Further information on St Brendan

Two Irishmen are named for their achievements, Daniel O Connell, the Liberator and Saint Brendan of Fenit, the Navigator. We are justly proud of them, Kerrymen both.

A local Fenit committee has received planning permission to erect a statue in honour of Saint Brendan in his birthplace. As we move into the third millennium, it seems appropriate to make this gesture in honour of a local man who inspired thousands down the years by his spirit of courage, initiative, enterprise and love of God.

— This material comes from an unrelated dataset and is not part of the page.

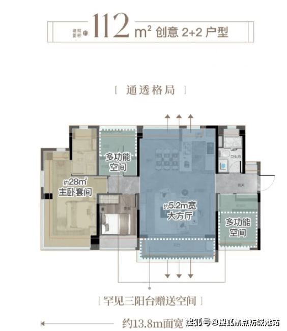 112㎡四房:被誉为“最高性价比”之选。5.2米方厅从容待客,三阳台设计大幅增加赠送面积;270°瞰江飘窗,视野升级,生活尺度全面延展。

We know of Brendan (or Bréanainn) from four sources, the Irish Lives, the Latin Lives, the Latin Navigatio Sancti Brendani and many vernacular versions of his voyage in the emerging languages of Europe, collectively known as the Voyage of Brendan. These various sources are in manuscript in all the major and many smaller libraries of Europe.. The earliest source was probably written around 750 to 800 A.D., some two hundred years after the death of Brendan. The various editions of the Navigatio and the Voyages were the most popular reading material of the early Middle Ages and inspired Columbus in his voyage to the New World. Up until 1721 explorers like Don Gaspar Dominguez searched for Saint Brendan's Island which was represented on maps of the time, West of Ireland. A full bibliography of sources and studies on the life of Brendan fills a substantial volume. The voyage of Brendan is a particular type of literature and is based on oral tradition of which we have some manuscript evidence. The literature comprises echtrae (adventures), fis (visions) and immrama (voyages). The last of these are of the same genre as the Iliad and Odyssey of Homer, Virgil's Aeneid, Ovid's Metamorpheses and the Arabian tales of Sinbad, some of whose themes they share. They require careful interpretation. It is difficult to separate myth and legend from fact, yet some things seem fairly certain about Brendan. One recognizes that much research must yet be done to verify some of the points made below.

Brendan was born in 486 to Finlug and Cara in Alltraighe Caille or Cinbeara, a district comprising the four miles from Spa to Fenit Island, some five miles west of Tralee in County Kerry. The Alltraighe were a sept of the Ciarraighe who have given their name to the present County Kerry. His most likely place of birth was Fenit Island with Kilfenora and Barrow also possibilities. From Fenit Island the view of the Atlantic is framed by Kerry Head and by Brandon Mountain. The ocean and the mountain were to have a profound influence on Brendan, challenging him to dream impossible dreams and to make of them reality.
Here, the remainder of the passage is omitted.